Сколько же они добирались сюда, если выбросили из вагона желтую, осыпавшуюся новогоднюю елку? Даже среди черных, бывает, попадаются люди, у кого жизнь не малина! Подглядывая сейчас за ними в щелку, он увидел, как сопровождающие, представ голым мужчиной и голой женщиной, переоблачались среди винных бочек в другую вроде одежду.

От этой пары бежал обратно — и так дальше.

Внезапно различил «Морж» по брызгам, что он поднимал, окунаясь с мачтой в спокойной, без капли волнения воде. Вот вышел на поверхность, распустив водяные усы, совсем рядом почти — ни на кого не подобный, помещающийся лишь в воображении, на деревянной гравюре! Якорной цепью размахивает из клюза, как собрался забросить ее вместо швартова, ободраны паруса, иллюминаторы проржавели, палуба круглая и труба дымятся от пены, длинная мачта с марсовой бочкой раскачалась — того и гляди, обломится, а вид — море по колено!

И сразу же, без промедления, начались непредвиденные события.

Наверное, пара у них не хватало на гудок, а рулевой зазевался или вообще отсутствовал у руля, так что шхуна, не сбавляя хода, пошла на абордаж военного судна.

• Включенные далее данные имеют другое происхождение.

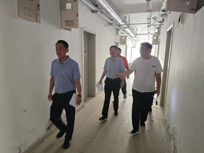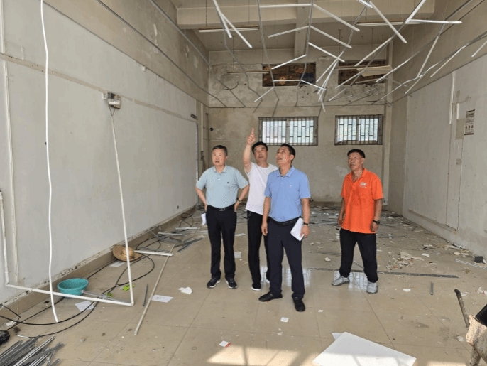 院長丁煦生、副院長張永鋒、副院長兼財務總監王俊敏、黨委副書記郭雅娟等領導在相關部門的陪同下,深入教學樓、宿舍樓、體育館會議室等施工現場,詳細了解了教學保障提升改造、體育館會議室修葺及新生宿舍樓改造等項目的具體安排、進展情況以及所面臨的困難和挑戰。丁院長認真聽取了現場匯報,對暑期校園提升改造工作給予了充分肯定,提出“嚴把安全生產,保障施工質量”的重要指示,并對大家在高溫酷暑下堅守崗位、默默奉獻的精神表示了高度贊揚。

От удара «Морж» отлетел с большой вмятиной на круглом борту, но вогнутость сию же минуту исчезла, разгладясь в упругости дерева. В то время как с вмятиной, что оставил «Морж» на кабелеукладчике, не произошло никакого чуда.

Вояки, выскочив из кают по тревоге в спасательных жилетах, лишь подвели итог, посвистывая от изумления. Произошел неопровержимый факт повреждения закаленной брони неким плавающим бочонком, и, если искать концы, то обе стороны могли получить по ушам от своего начальства. Поэтому военные, посчитав за лучшее не поднимать шума, тотчас снялись и ушли молча.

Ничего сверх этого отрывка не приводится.